Cores are not, of course, the only metric that should be under consideration. Throughput is probably the most important, as that is what generates research. However given that figure is not readily available cores provides a prima facie indication of the dedication of the institution to HPC support. In this regard the University of Melbourne, considered to be the top-ranked university in Australia, lags behind the average of the rest of the Top 50 TLS list. The question is raised of course, where would the university be if it had a Top 50 average level of HPC computing resources.

1. University of Oxford. 7,650 cores total (c.f.,, plus access to national HPC facility Archer (UK National Supercomputing Service).

2. California Institute of Technology 21,600 cores

3. Stanford University. 13,000 cores, plus 2,040 GPUs (

4. University of Cambridge. 14,720 core , plus access to national HPC facility Archer (UK National Supercomputing Service).

5. Massachusetts Institute of Technology 48,672+ cores (c.f.,, with other partners e.g., Harvard..,

6. Harvard University Odyssey partners with MGHPCC, above "Additionally, there are over 1,000,000 NVIDIA GPU cores which can greatly increase the speed of parallel processing jobs."

7. Princeton University, 25,524 cores

8. Imperial College London 13,824 cores (main system)

9. ETH Zurich – Swiss Federal Institute of Technology Zurich 45,000+ Provisioned through Swiss HPC

10. University of California, Berkeley 8,000+ (plus 180,000 GPGPU)

10. University of Chicago 11,256 cores (main system)

12. Yale University 22,000+

13. University of Pennsylvania 2,304 cores (This is a strange outlier, and I suspect they must have other resources)

14. University of California, Los Angeles 8,020+ (plus faculty-specific systems)

15. University College London 10,944

16. Columbia University 7,376 cores,

17. Johns Hopkins University over 22,500 cores - Plus shared with Maryland

18. Duke University 7,000 cores -

19. Cornell University - 8,516+

20. Northwestern University 11,800+ CPU cores -

21. University of Michigan-Ann Arbor 27,000 cores -

22. University of Toronto 65,536 core on BGQ system plus 30,240 on GPC -

23. Carnegie Mellon University 2,888+

24. National University of Singapore - 6,000+ 1,300 PC Grid, 16,000+ GPGPU,

25. London School of Economics and Political Science 416 cores -

25. University of Washington-Seattle 10,784 cores -

27. University of Edinburgh, 98,304 cores. and ARCHER 118,080 processing cores

28. Karolinska Institute 19,800 cores - (Note: this is also the national facility)

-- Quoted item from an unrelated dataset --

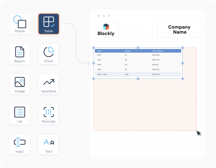 A modern and user-friendly designer interface to help a non-technical user easily prepare reports.

29. Peking University Unknown; almost certainly has access to national facilities.

30. École Polytechnique Fédérale de Lausanne - 26,592 cores,;;;

30. LMU Munich - 10,752 cores,

33. Georgia Institute of Technology - 30,000+

33. University of Melbourne - 2,380 cores maximum, includes: 300 HPC cores (physical partition). An addition 920 are available through the NeCTAR research cloud allocation (cloud and cloudtest partitions), plus an temporary allocation of 1160 cores to punim0095. Also, 5 GPGPU nodes. ; plus shared access to VLSCI (2112 cores), in some cases (

35. Tsinghua University Unkown; 9,216 in 2011

36. University of British Columbia 9,600 cores plus other Compute Canada resources

36. University of Illinois at Urbana-Champaign - 9,056 cores

36. King’s College London 1,464 cores -, plus access to ARCHER.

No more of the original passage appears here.